Sadly, a change of leadership among Indians, unprepared provincial involvement and the long domination of the Department of Indian Affairs killed the process in its infancy. Many Indian groups signed letters of intent and borrowed money to begin "the negotiations," but the $125-million fund disappeared and the loan-repayment portion was hiked to 80 per cent.
Indian Affairs created the Federal Treaty Negotiation office and manned it with their senior bureaucrats, who knew how to control Indians. They actually went so far as to train "negotiators," who would become the chief negotiators for native nations. Indian Affairs was bound and determined to sabotage the process and did.
The province shares blame for the failure as they had no idea what they were doing from the start and mimicked the federal government. Both groups have no real mandates or vision. The possibility of creative solutions is restricted by the dictate that Indian aspirations must be forced into the little square boxes of federal and provincial regulations, the same ones that created the huge problems that still get worse in Indian communities.
Indians are not blameless. The First Nations Summit has provided no leadership. Instead they seem enamoured with federal and provincial programs when they are not jetting off to Ottawa, New York, Geneva and, more recently, China.
They have provided no independent political strength and have allowed the B.C. treaty process to wither on the vine by electing commissioners content to simply collect their honorariums.

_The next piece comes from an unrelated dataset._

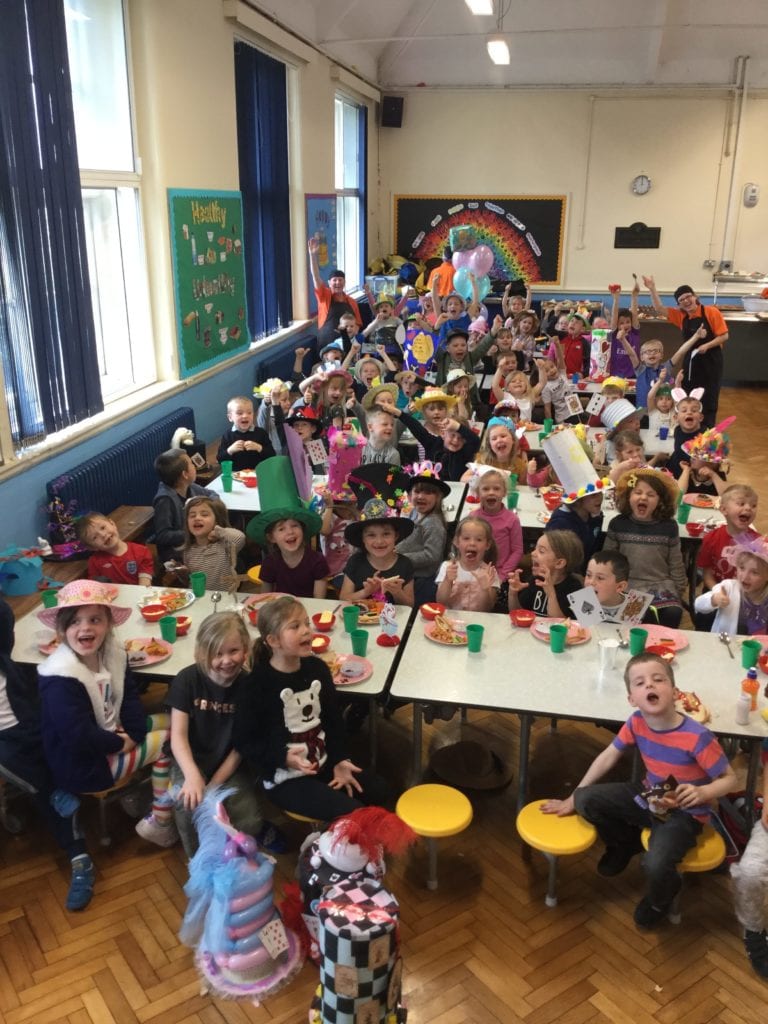 Instead of our usual school lunch, today we had a Mad Hatters Tea Party! The children made hats at home and came to school wearing them. There were some amazing designs. We all had a really fun time and were.

The B.C. government is pushing interim measures, which is an attempt to placate Indians, who have lined up for quick handouts instead of demanding and achieving aboriginal title and self-government. Much of this has been made worse by the ever-increasing mass of lawyers and consultants who enrich themselves through the process.
Our new premier, Christy Clark, talks about development, particularly of mines on Indian land, as a solution to B.C.'s economic woes. One would think that we have had enough history to realize there are no magic solutions. All too often, election posturing replaces well reasoned strategies about how we can move forward on these issues.

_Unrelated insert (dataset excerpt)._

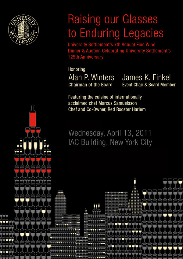 Come celebrate University Settlement's 125th Anniversary, honoring Alan P. Winters and James K. Finkel, and savor an unforgettable selection of wines expertly paird with the cuisine of award-winning Chef Marcus Samuelsson.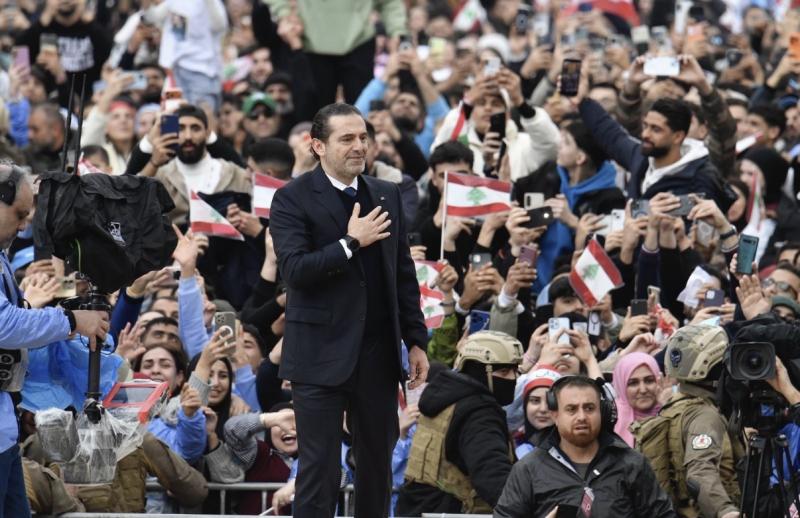 وبعد تحية الجماهير المحتشدة، عاد الحريري ليقرأ الفاتحة على أرواح باقي الشهداء، وسط استمرار الهتافات المؤيدة له.

The B.C. treaty process must be made to work. The premier can help by simply dictating to her negotiators an expanded, creative mandate for all parties at the negotiating table. DIA should be removed from the process and we must re-commit to the 19 principles.

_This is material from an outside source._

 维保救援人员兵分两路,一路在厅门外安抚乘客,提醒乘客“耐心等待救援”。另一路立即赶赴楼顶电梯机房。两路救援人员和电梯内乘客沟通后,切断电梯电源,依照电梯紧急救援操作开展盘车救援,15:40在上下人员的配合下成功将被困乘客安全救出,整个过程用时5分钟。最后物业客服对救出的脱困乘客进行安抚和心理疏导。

The alternative is to allow the frustration to build among Indian and non-Indian people in B.C. Already we see new court cases that can tie up development for years and unrest that is flowing from land-title uncertainty.
We have a simple choice: We can settle Indian land claims now or later at 1,000 times the expense.
Every B.C. citizen has a basic stake in the just resolution of aboriginal title and treaty grievances. We do not need another Oka or the continuing feeding frenzy at the trough of Indian suffering.
Hemas Kla-Lee-Lee-Kla, Chief Bill Wilson, a lawyer and chief of the Kwawkgewlth people, helped set up the B.C. treaty commission process.